- **EXTRACTED RECORDS**
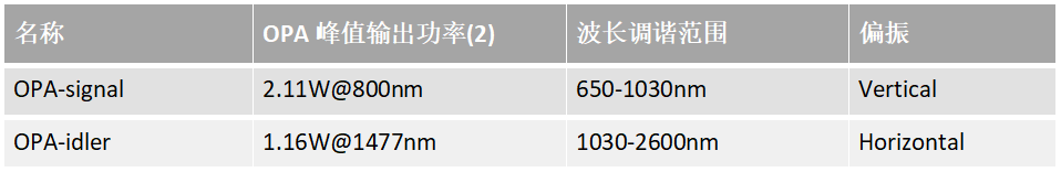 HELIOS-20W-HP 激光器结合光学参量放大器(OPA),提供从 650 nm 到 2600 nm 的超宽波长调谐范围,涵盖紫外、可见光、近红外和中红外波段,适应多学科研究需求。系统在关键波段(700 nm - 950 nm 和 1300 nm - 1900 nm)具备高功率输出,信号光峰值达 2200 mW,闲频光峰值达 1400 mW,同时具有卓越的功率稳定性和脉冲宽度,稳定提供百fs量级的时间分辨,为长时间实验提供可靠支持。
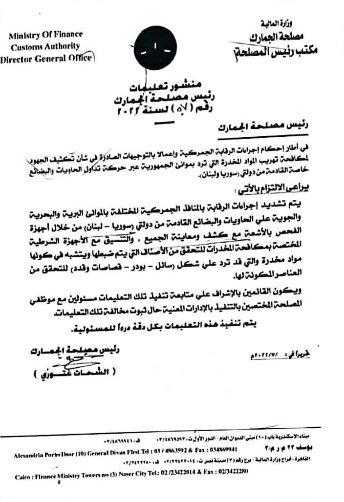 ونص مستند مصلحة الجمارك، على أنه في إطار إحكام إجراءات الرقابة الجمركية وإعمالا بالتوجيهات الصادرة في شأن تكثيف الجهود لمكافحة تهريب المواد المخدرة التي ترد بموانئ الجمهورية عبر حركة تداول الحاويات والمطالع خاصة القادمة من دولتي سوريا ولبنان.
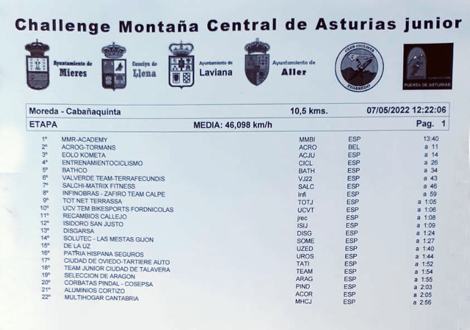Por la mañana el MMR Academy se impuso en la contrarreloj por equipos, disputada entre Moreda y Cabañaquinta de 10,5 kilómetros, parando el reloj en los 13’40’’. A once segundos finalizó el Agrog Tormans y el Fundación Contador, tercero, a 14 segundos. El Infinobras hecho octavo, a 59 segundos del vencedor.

--

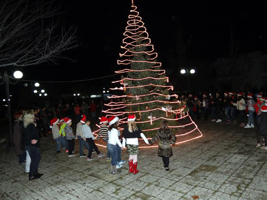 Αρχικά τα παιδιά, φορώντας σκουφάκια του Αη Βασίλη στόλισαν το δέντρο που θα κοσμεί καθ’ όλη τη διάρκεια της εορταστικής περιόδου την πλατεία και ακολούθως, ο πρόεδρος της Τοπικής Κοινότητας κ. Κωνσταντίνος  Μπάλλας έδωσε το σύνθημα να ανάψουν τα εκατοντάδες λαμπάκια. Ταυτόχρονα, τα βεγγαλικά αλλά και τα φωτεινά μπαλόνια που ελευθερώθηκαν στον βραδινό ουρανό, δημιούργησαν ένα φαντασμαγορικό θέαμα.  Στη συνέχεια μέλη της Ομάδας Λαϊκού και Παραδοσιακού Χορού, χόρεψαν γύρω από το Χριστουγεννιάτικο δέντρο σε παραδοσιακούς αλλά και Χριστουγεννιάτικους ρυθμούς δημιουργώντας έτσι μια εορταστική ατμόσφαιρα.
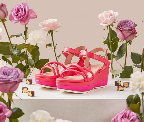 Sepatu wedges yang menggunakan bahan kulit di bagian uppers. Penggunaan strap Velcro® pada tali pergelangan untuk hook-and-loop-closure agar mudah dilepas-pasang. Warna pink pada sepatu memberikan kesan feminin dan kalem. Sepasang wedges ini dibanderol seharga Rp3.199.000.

- **TASK REQUIREMENTS**
Reproduce, exactly and only, the lines of the records above starting at the line with "HELIOS-20W-HP 激光器结合光学参量放大器(OPA),提供从 650" and ending at the line with "Por la mañana", both included. Leave every picture out.

- **RESULT OF THE EXERCISE**
 HELIOS-20W-HP 激光器结合光学参量放大器(OPA),提供从 650 nm 到 2600 nm 的超宽波长调谐范围,涵盖紫外、可见光、近红外和中红外波段,适应多学科研究需求。系统在关键波段(700 nm - 950 nm 和 1300 nm - 1900 nm)具备高功率输出,信号光峰值达 2200 mW,闲频光峰值达 1400 mW,同时具有卓越的功率稳定性和脉冲宽度,稳定提供百fs量级的时间分辨,为长时间实验提供可靠支持。
 ونص مستند مصلحة الجمارك، على أنه في إطار إحكام إجراءات الرقابة الجمركية وإعمالا بالتوجيهات الصادرة في شأن تكثيف الجهود لمكافحة تهريب المواد المخدرة التي ترد بموانئ الجمهورية عبر حركة تداول الحاويات والمطالع خاصة القادمة من دولتي سوريا ولبنان.
Por la mañana el MMR Academy se impuso en la contrarreloj por equipos, disputada entre Moreda y Cabañaquinta de 10,5 kilómetros, parando el reloj en los 13’40’’. A once segundos finalizó el Agrog Tormans y el Fundación Contador, tercero, a 14 segundos. El Infinobras hecho octavo, a 59 segundos del vencedor.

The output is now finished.